Open edunnwe1 opened 9 years ago

edunnwe1 commented 9 years ago

For KMeans, you have to specify the number of clusters before running the clustering algorithm, which can be a limitation if you are not sure a priori how many clusters there should be. There are clustering algorithms that don't rely on this (e.g. super paramagnetic clustering), but it seems to me that the statistical decision theoretic relies on knowing the number of clusters beforehand, because otherwise, I don't know how you'd define your action space. Is there any way to work around this limitation within the statistical decision theoretic, supposing we're applying it to a clustering problem?

SandyaS72 commented 9 years ago

This might not be the kind of answer you were looking for, but for k-means at least, I've done it where you run it several times with different numbers of clusters and you measure some metric each time .. such as the ratio of (within cluster sum of squares) to the (between cluster sum of squares). As you increase the number of clusters, usually one of two things happens: 1) the metric becomes more and more "optimal" (defined differently depending on what metric you use, but for the example I gave, you want to make it smaller) but at some point it actually starts getting worse. You want to find the number of clusters that makes it most optimal. 2) Increasing the number of clusters continually makes the metric more optimal, but by less and less each time. You probably want to set some threshold that if the metric doesn't change by that much when adding a cluster, you'll stop.

Short answer- basically you can infer the number of clusters if you want as well.

maxcollard commented 9 years ago

Mathematically, there's a few ways to manipulate action space to get around not knowing the number of clusters a priori. Assuming we're working with n vertices:

1) Let A = {1,2,...}^n. The choice of k is implicit: for a particular a \in A, \hat{k} = \max_i (a_i), the largest cluster label assigned to anything. 2) Let A = { (k, X) : k \in {1,2,...}, X \in {1,2,...k}^n } \subset {1,2,...} \times {1,2,...}^n. This is a slightly smaller space than (1), but I can't think of any benefit to the specificity.
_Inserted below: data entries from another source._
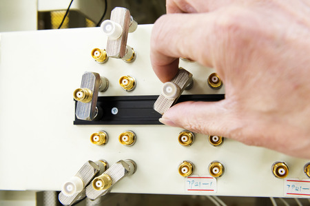Closeup green panel of television equipment at a telecentre. Motion picture and television production concept. Studio Concept
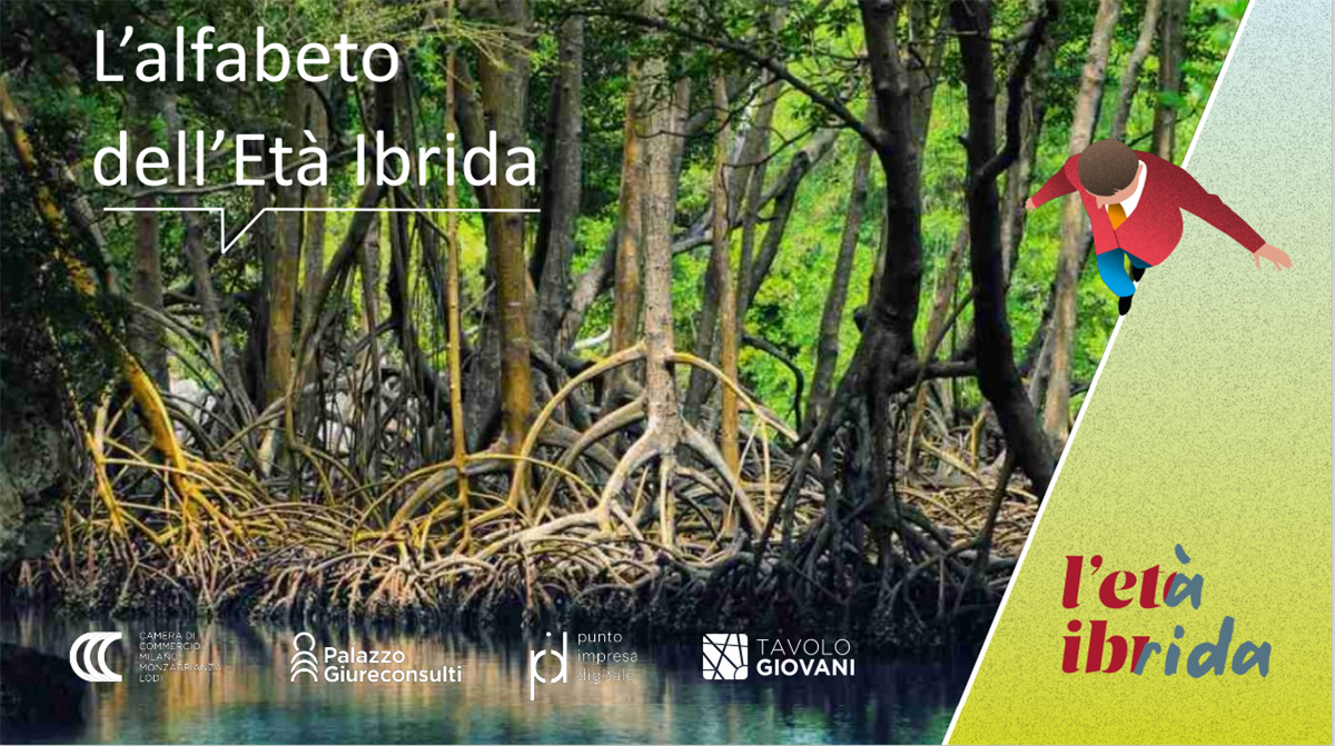 Le radici a trampolo delle mangrovie sono come funamboli in equilibrio tra l’acqua e la terra, senza appartenere a nessuno dei due elementi. Alla generazione Z succede qualcosa di simile: si muove in bilico tra atomi e bus, riuscendo a crescere rigogliosa su questo terreno in continuo mutamento, un ambiente sempre nuovo e dalle sfide sorprendenti, un nuovo ecosistema che ha dato inizio a una nuova civiltà: l’Età Ibrida.
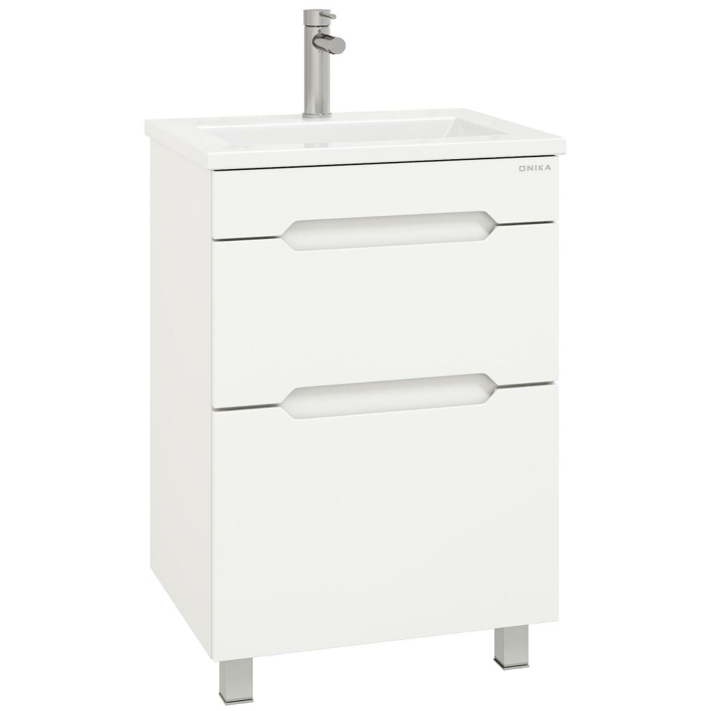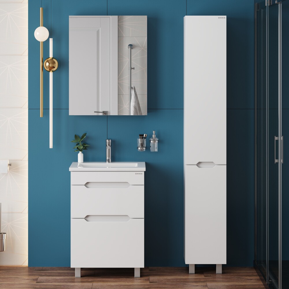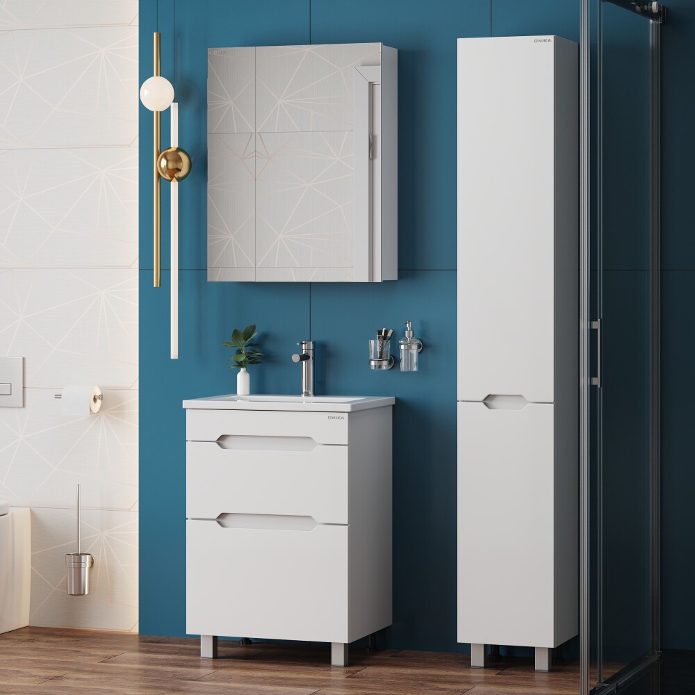 Напольная тумба для ванной комнаты Onika Айленд 60 сочетает в себе стильный минималистичный дизайн, белую глянцевую поверхность и высочайшее качество исполнения. Тумба имеет два ящика с направляющими полного выдвижения: нижний предназначен для больших предметов, а верхний, имеющий удобную систему организации пространства, - для мелких аксессуаров. Ручки, изящно интегрированные в фасады, позволяют сделать эксплуатацию мебели более удобной и практичной. Корпус тумбы выполнен из ЛДСП, фасады ящиков - из ЛМДФ в пленке, устойчивых к механическим воздействиям, перепадам температур и высокой влажности. Ножки (2 декоративных и 2 пластиковых) идут в комплекте с тумбой
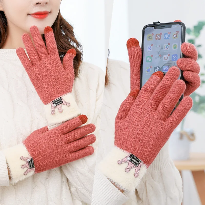 Модные перчатки MYALICE с узором в виде короны, зимние теплые перчатки с разрезом для рук, кашемировые удобные вязаные бархатные плотные перчат...
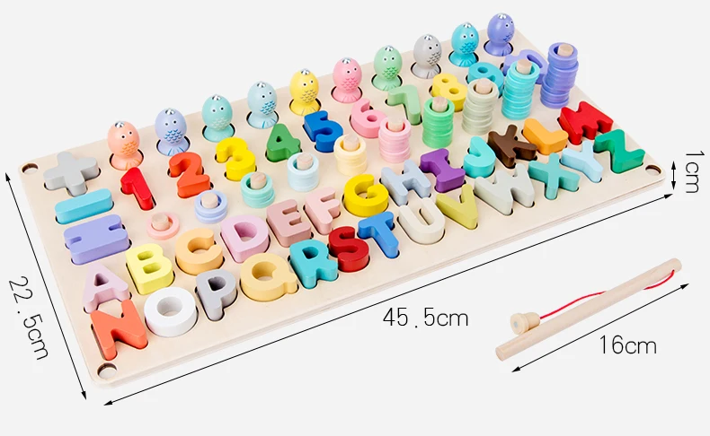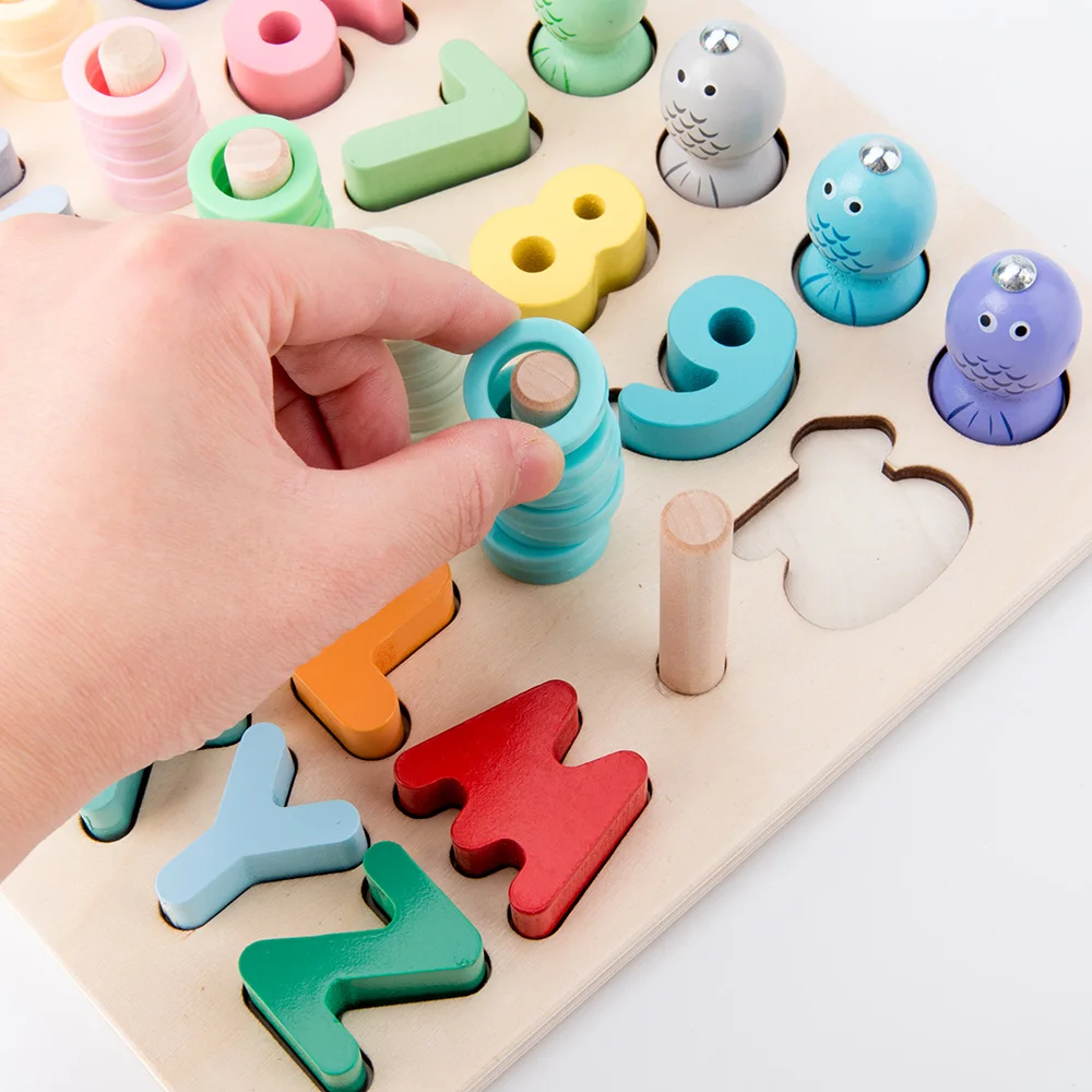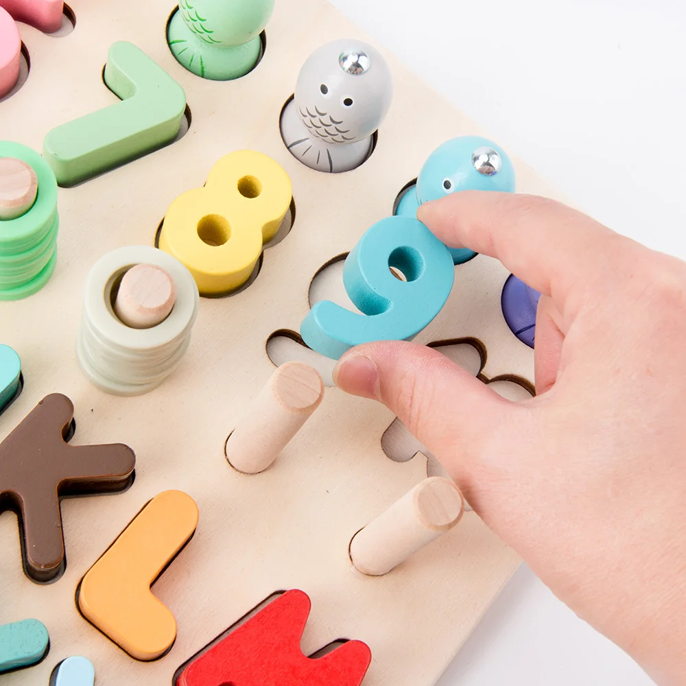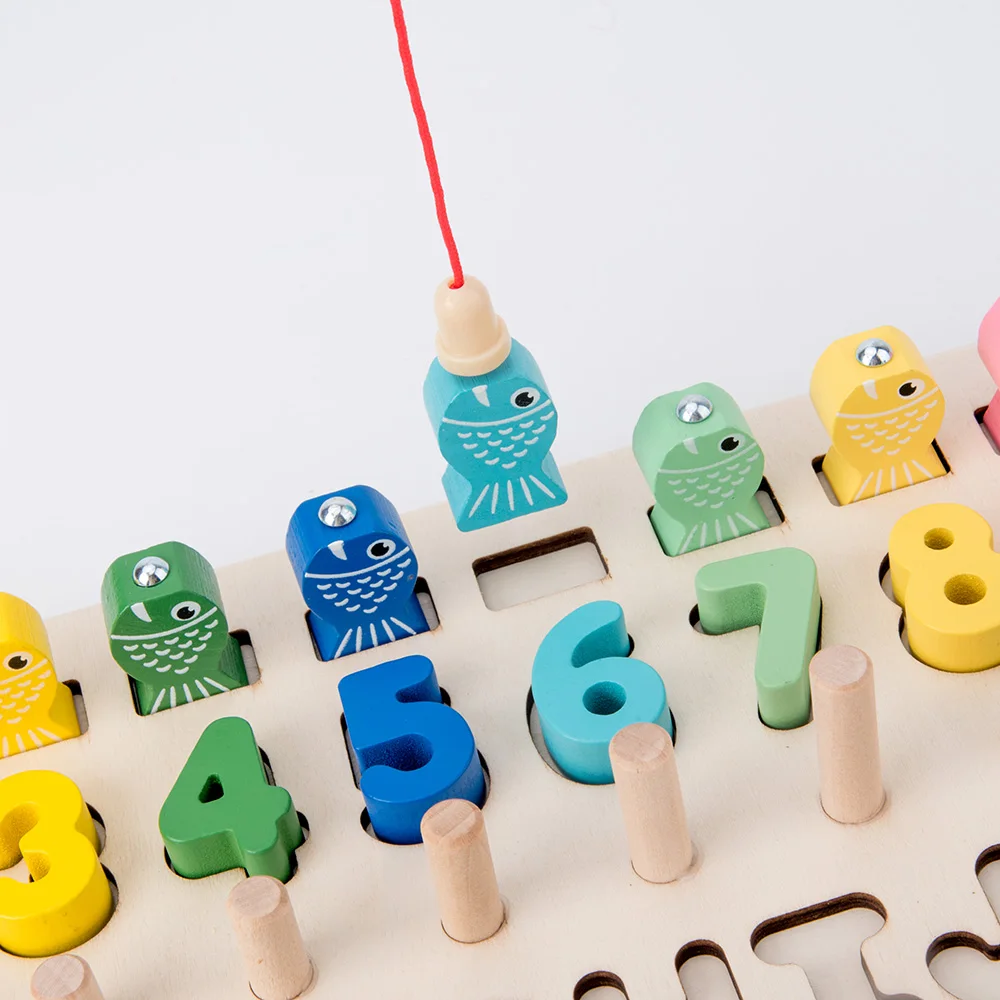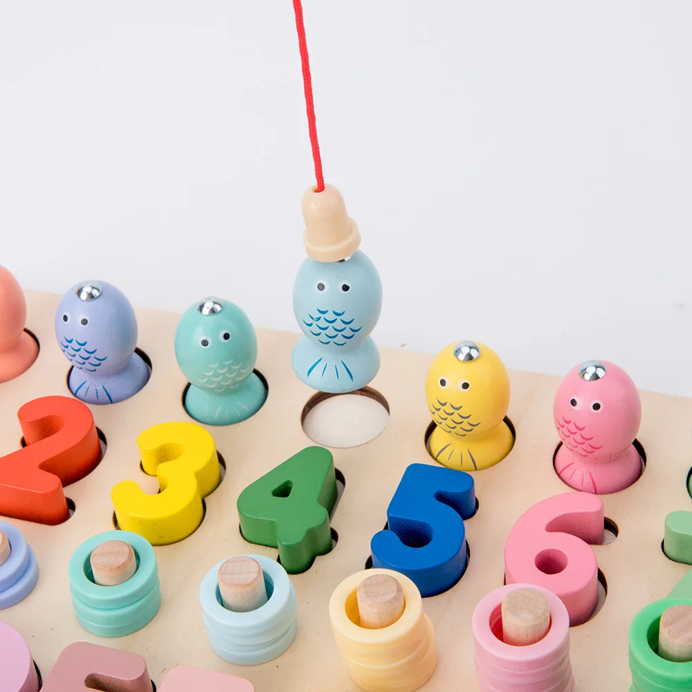 Montessori Educational Wooden Toys Geometric Shape Matching Count Magnetic Fishing Toys Math Early Educational Toys For Children
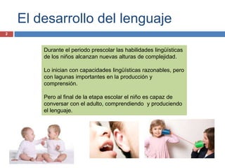 El documento describe el desarrollo del lenguaje en la etapa prescolar. Inicialmente, los niños tienen habilidades lingüísticas básicas pero limitadas, pero hacia el final de esta etapa pueden conversar fluidamente con adultos. El lenguaje florece rápidamente entre los 2 y 3 años cuando los niños empiezan a usar oraciones más largas, plurales, preguntas complejas y tiempos verbales como el pasado. El habla privada guía el pensamiento y comportamiento, mientras que el habla social se dirige a otros. La exposición al len
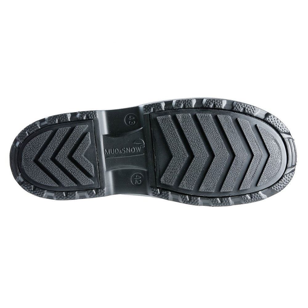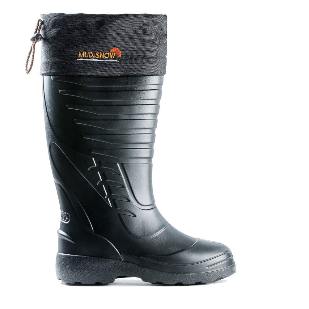 Сапоги «Mud&Snow» укомплектованы многослойным вкладным чулком (фольгированное нетканое полотно/шерстяной мех), который надежно отсекает наружный холод и сберегает тепло внутри сапога. Манжета сапог выполнена из водоотталкивающего материала, затягивается по ноге с помощью эластичного шнура, препятствуя попаданию грязи, снега, камней. Специальная накладка на подошву из термоэластопласта (ТЭП) увеличивает сопротивление скольжению, обеспечивает лучшее сцепление с поверхностью.
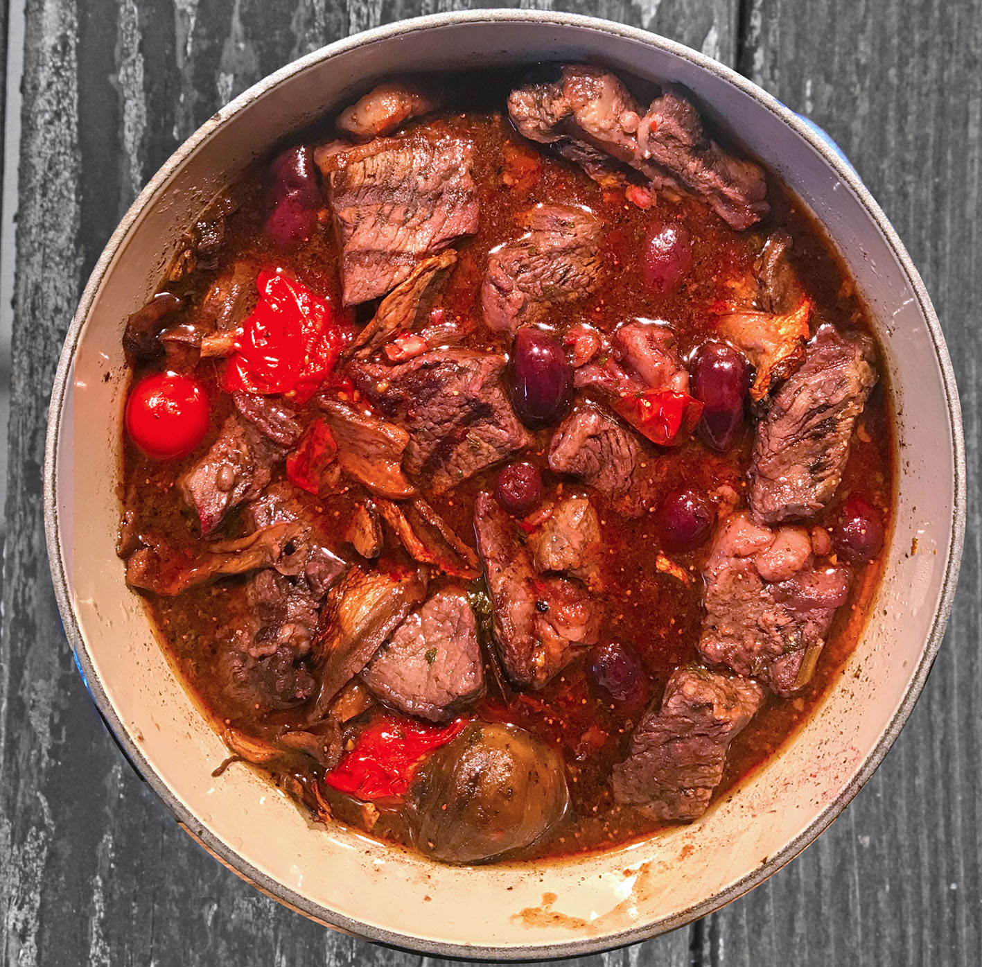 4–6 Portionen: 25g getrocknete Steinpilze einweichen (mind. 1 Stunde). 800g Rinder-Entrecote in große Würfel (ca. 4×4 cm) schneiden, und portionsweise in einem Bräter anbraten. 1 rosa Zwiebel grob würfeln, ebenfalls anbraten und mit ca. 300ml Primitivo (rot) ablöschen. Den Backofen auf 80° vorheizen. Das Fleisch, 100g Kalamata-Oliven ohne Stein, 125g Cocktail-Tomaten, die Pilze und 1 geviertelte Feige dazu geben. Mit 2-3 Zweigen Majoran, 1 Knoblauchzehe, 5 Wachholderbeeren, 1TL Kubebenpfeffer (gemörsert) sowie 1TL Schokoladensalz würzen. Den restlichen Wein aufgießen, den Deckel des Bräters schließen und für ca. 2 Stunden im Ofen bei 80° schmoren. Das Fleisch herausnehmen und warm stellen. Die Wacholderbeeren herausfischen und die Soße etwas einkochen, dann mit dem Zauberstab pürieren und das Fleisch wieder hinein geben. Mit frischer Pasta servieren.
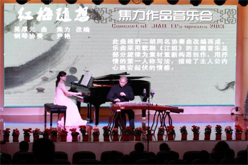 2013年5月24日,成都东郊记忆唯乐音乐厅内焦力作品音乐会作为音乐厅落成的首秀演出在这里如期举行。来自各个年龄段的音乐爱好者齐聚一堂,洗耳恭听,和艺术家近距离的亲密交流。 在音乐会上,焦力先生对每一首作品的创作背景、创作思路都进行了生动的讲解,作品题材丰富,风格各有千秋:有古琴曲移植而成的《酒狂》、《广陵散》;有极富京剧韵味的《夜深沉》;有家喻户晓的外国民歌《樱花》;还有浓郁桑巴舞音乐风格的《旋舞》;有描绘江南水乡的《春雨》,还有气势磅礴协奏曲《红梅随想》。演奏家对每首作品的倾情演奏,感动着在场的每一位听众。 艺术家的创作来源于生活,一首首作品的流传,就是人们对艺术家的喜爱和认可。在音乐会后的作品签售会上,音乐爱好者们积极踊跃排队领书,场面热闹非凡。
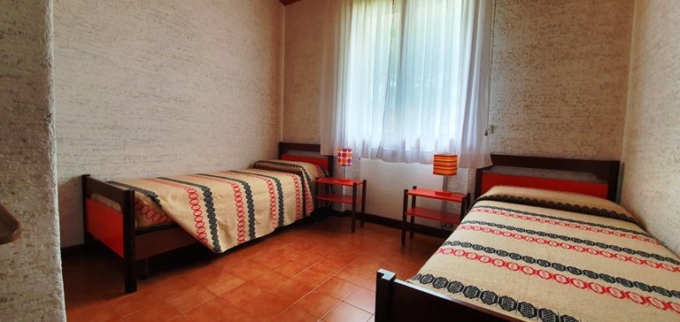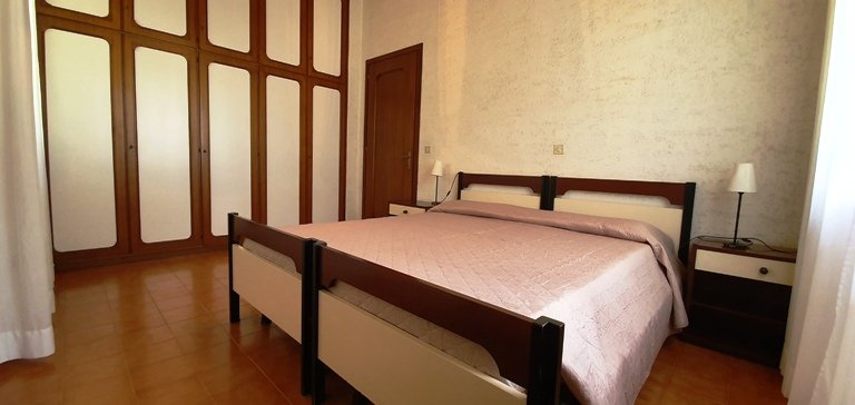 small villa circa 400 meter till the beach, composed of a small kitchen, 1 bedroom with double bed, 1 bedroom with 2 single bed, bathroom, parking area and garage. The garden is part of the villa and can be used alone.
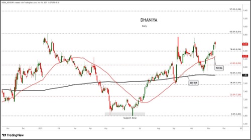 Dhaniya trading range for the day is 8660-9124.
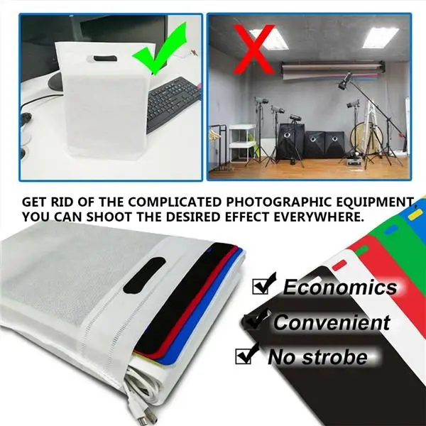 Собрать свою собственную фотостудию в любом месте за считанные минуты, вы можете развернуть эту светодиодную фотостудию и разместить ее на любой поверхности, чтобы получить идеальный фон для небольших предметов деловой фотографии, фотографирования для продуктов.
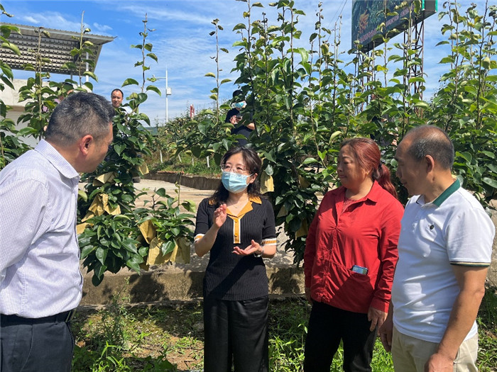 徐涛一行先后前往红江村特色产业黄金梨园、中药材种植园、羊肚菌种植基地等地,详细询问了解村特色产业现状、取得的成效以及存在的困难与问题。
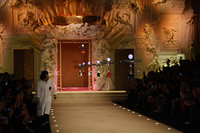 每架无人机的“头上”都嵌着一块宝石(当然,宝石是假的),格外夺目。它们排成一队,缓缓滑下跑道,有序地悬停在空中让观众们拍照。表演结束之后,传统的真人模特秀才正式开始。

In practice, determining the number of clusters is hard. Sandya presents one method above; another method is to randomly subsample your data and see how robust the cluster labels are with each k (basically a drop-out analysis): this tells you essentially how much you are "overfitting" as you increase k. The general procedure is the same: you create some heuristic "loss function" with input k, and look for the minimum.

edunnwe1 commented 9 years ago

I guess this is in part the question Nam addressed in his presentation of his research?